Supplied material:
☆ ☆ ☆

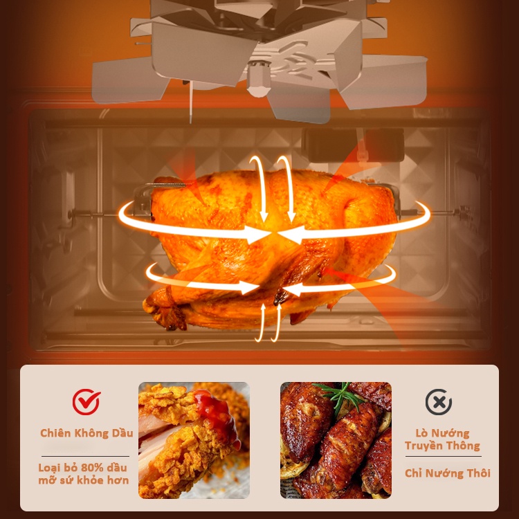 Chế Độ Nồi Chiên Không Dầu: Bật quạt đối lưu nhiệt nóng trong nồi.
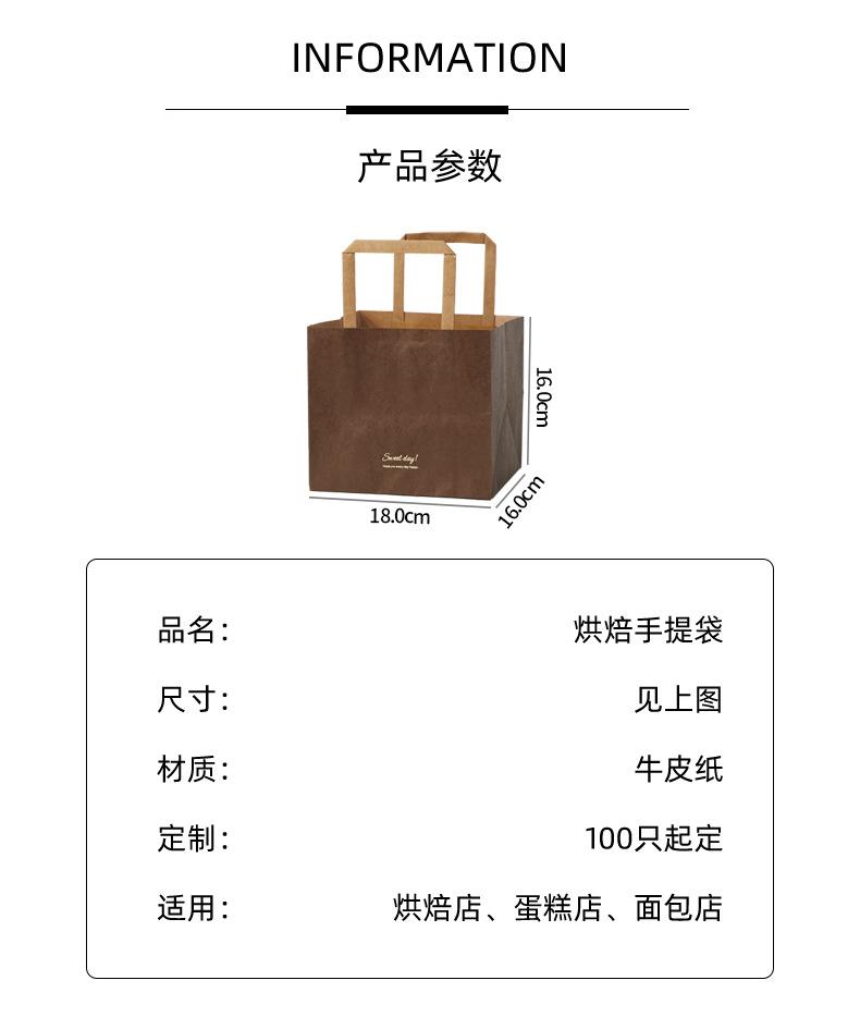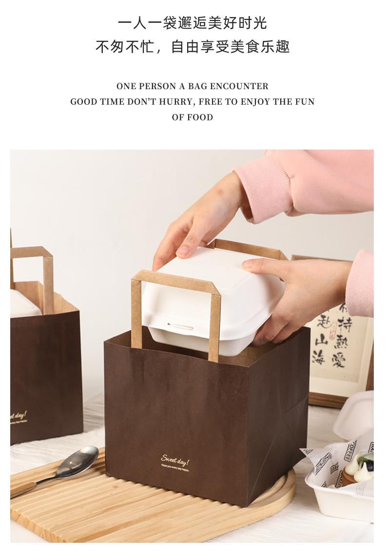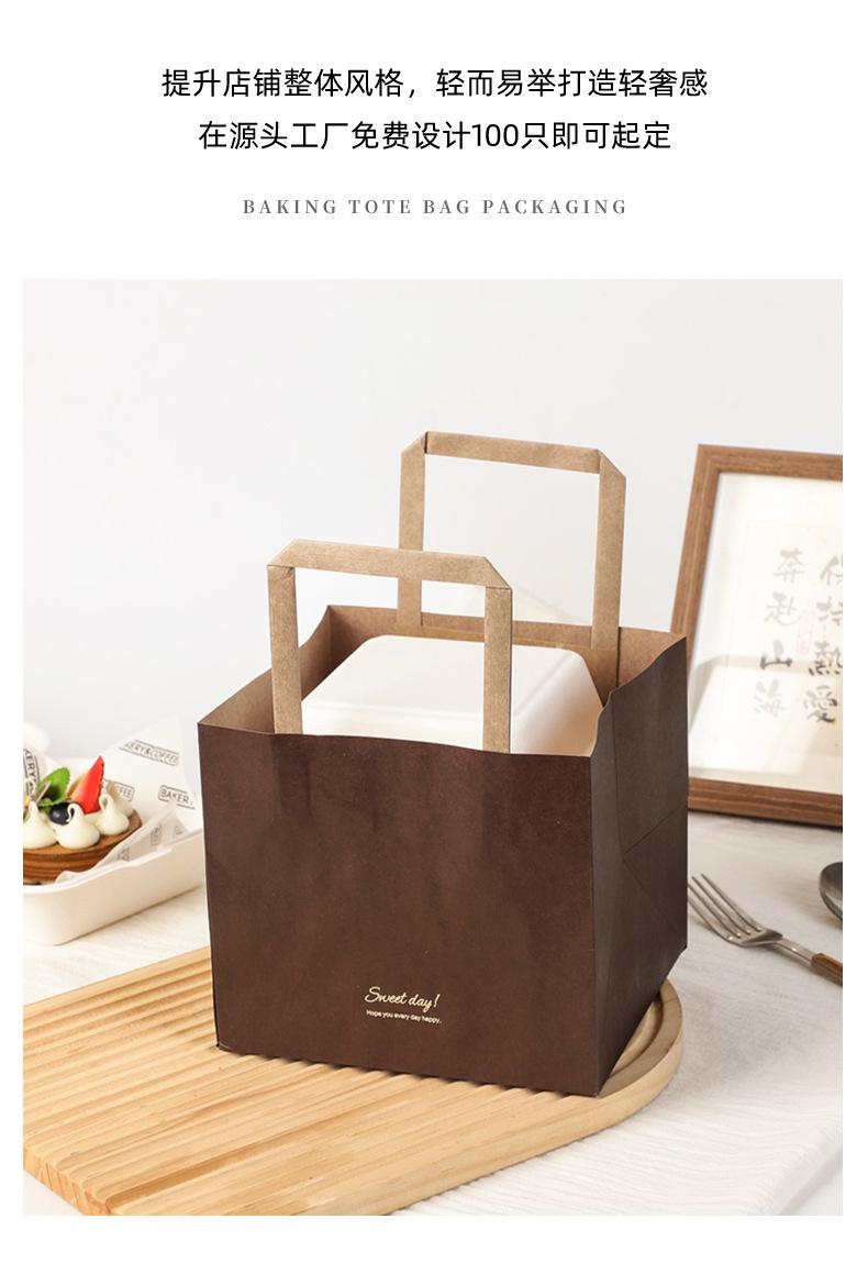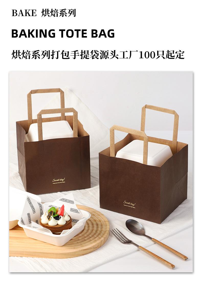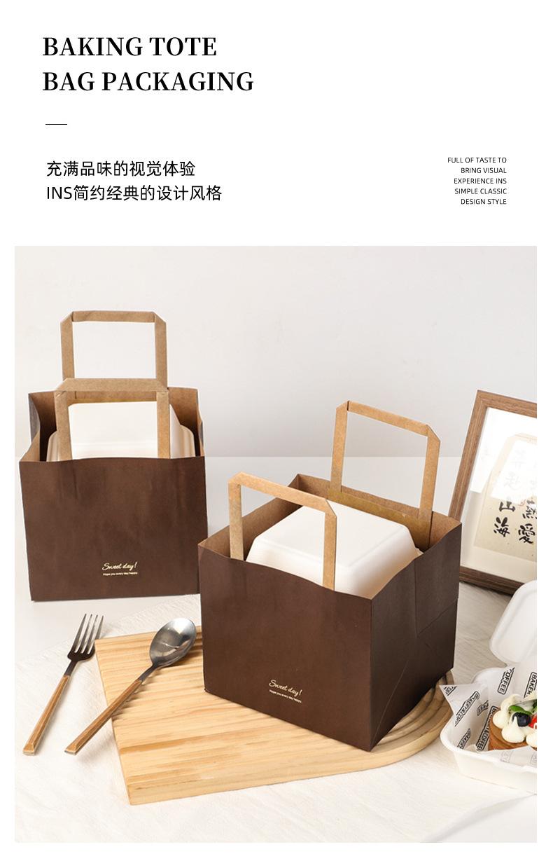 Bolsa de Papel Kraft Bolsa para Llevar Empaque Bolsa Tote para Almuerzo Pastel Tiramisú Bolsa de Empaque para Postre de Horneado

☆ ☆ ☆

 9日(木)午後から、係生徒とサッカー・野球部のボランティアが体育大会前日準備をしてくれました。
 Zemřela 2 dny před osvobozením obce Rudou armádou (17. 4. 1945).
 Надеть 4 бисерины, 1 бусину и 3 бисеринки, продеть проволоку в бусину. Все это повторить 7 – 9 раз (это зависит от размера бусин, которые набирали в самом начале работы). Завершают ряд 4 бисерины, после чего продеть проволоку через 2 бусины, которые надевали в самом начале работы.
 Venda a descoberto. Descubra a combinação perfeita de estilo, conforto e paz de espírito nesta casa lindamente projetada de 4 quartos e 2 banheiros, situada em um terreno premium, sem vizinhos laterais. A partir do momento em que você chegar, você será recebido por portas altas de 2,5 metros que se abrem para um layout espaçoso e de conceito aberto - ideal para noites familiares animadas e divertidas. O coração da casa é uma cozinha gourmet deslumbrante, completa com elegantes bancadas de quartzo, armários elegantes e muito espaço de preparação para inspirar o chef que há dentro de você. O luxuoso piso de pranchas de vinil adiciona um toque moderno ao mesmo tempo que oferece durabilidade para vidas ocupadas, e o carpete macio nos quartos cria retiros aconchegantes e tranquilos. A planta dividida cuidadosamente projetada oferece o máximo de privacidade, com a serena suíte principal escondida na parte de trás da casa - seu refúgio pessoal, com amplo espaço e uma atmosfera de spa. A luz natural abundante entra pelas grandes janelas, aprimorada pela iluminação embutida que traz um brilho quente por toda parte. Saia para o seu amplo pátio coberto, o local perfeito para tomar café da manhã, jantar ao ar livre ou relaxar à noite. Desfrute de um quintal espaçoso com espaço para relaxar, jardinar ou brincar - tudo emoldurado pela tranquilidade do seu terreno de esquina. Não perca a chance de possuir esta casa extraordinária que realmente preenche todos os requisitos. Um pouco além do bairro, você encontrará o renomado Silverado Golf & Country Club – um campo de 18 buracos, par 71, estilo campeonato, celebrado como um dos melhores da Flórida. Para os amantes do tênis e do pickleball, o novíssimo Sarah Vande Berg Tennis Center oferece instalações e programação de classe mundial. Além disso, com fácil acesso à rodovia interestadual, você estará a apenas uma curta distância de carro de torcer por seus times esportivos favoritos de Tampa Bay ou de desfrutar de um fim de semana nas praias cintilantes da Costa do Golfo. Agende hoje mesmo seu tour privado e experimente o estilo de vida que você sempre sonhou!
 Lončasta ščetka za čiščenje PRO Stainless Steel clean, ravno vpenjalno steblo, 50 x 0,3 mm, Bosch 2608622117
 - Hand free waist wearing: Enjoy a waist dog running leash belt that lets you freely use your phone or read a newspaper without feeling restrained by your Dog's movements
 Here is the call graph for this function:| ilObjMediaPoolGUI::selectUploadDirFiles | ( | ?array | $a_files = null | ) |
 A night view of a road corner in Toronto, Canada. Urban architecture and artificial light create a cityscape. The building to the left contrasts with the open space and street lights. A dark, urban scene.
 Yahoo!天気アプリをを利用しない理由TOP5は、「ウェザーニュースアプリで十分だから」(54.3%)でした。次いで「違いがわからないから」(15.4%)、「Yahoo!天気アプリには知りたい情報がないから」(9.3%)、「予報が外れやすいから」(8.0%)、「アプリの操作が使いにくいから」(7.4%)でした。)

☆ ☆ ☆

Task goal: Where the listing above has a line with "A night view", start there, and output every line exactly through the line with "Yahoo!天気アプリをを利", which is also included.

Output below:
 A night view of a road corner in Toronto, Canada. Urban architecture and artificial light create a cityscape. The building to the left contrasts with the open space and street lights. A dark, urban scene.
 Yahoo!天気アプリをを利用しない理由TOP5は、「ウェザーニュースアプリで十分だから」(54.3%)でした。次いで「違いがわからないから」(15.4%)、「Yahoo!天気アプリには知りたい情報がないから」(9.3%)、「予報が外れやすいから」(8.0%)、「アプリの操作が使いにくいから」(7.4%)でした。)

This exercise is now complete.